The Tsleil-Waututh Nation says the likelihood of a spill in Burrard Inlet over the next 50 years is as high as 87 per cent. But this alarmist message includes small spills of less than 1,000 barrels.
In fact, there has never been an oil spill – or any major incident – involving a tanker on Canada’s West Coast.
The federal Pilotage Act of 1972 demands the highest tanker traffic safeguards. Two Transport Canada-licensed marine pilots must take control of any tanker passing through Canadian waters.
These marine pilots and the authorities who govern them are accountable to the public, not to the companies that own the ships.
“Tankers don’t keep me up at night,” says Kevin Obermeyer, CEO of Pacific Pilotage Authority. “Other things do, but not tankers because we have so many levels of safety.”
Western Canada Marine Response Corp., which is responsible for protecting and responding to a marine spill along the 27,000 km of B.C. coastline, regularly hosts public education demonstrations. They were in Coal Harbour recently simulating a spill recovery, with more skimmers and recovery boats than you ever want to see that close to the city.

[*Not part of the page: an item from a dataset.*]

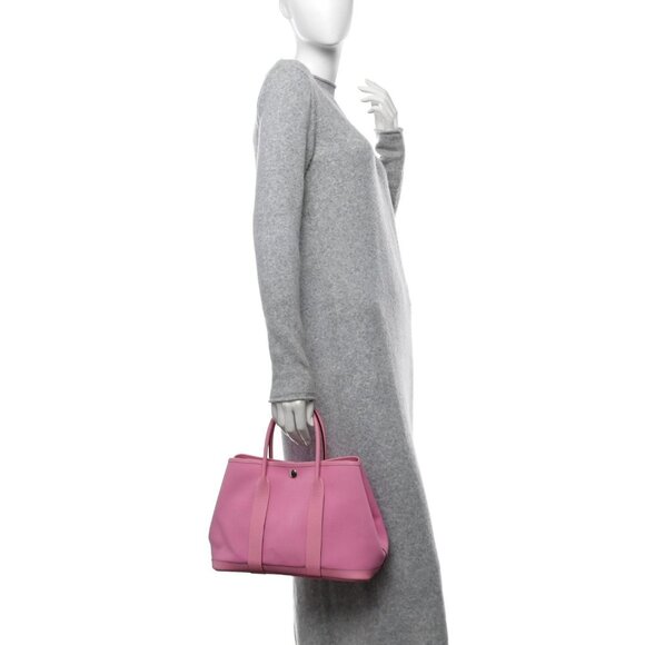Hermes Garden Party TPM Toile Officier Vache Leather Tote Bag Pink Handbag
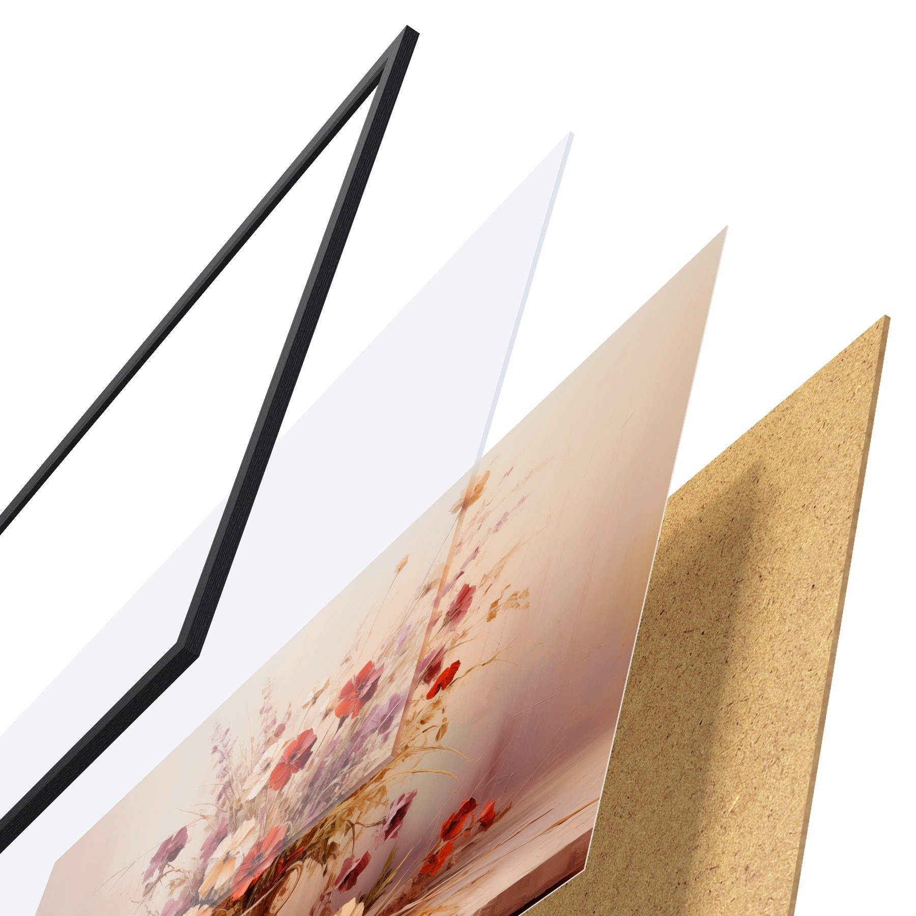 Plakāts sastāv no rāmja, pleksstikla, iespiestā attēla un skaidu plātnes pamatnes. Plakātu var uzreiz piekarināt pie sienas, pateicoties aizmugurē esošajiem stiprinājumiem.

The Transport Canada-certified organization showed off one of three new oil spill response vessels bought to enhance marine safety as tanker traffic increases, at $5.8 million each. A fourth will be added now that the pipeline expansion has been approved.
Vancouver Harbour has never been so well protected. Some $150 million will be invested in oil spill response enhancements, including a new base in Vancouver with crews monitoring marine traffic around the clock for the first time.
Western Canada Marine Response Corp. is doubling its employees, adding more than 120 full-time jobs and 40 new response vessels. That will reduce initial response times to a maximum of two hours for Vancouver Harbour and the Fraser River west of Port Mann Bridge.
It’s all being done to ensure that Canadians can enjoy the benefits of getting our oil to market, without suffering the catastrophe of a major spill.
And hopefully it puts an end to uninformed concerns about pipeline expansion.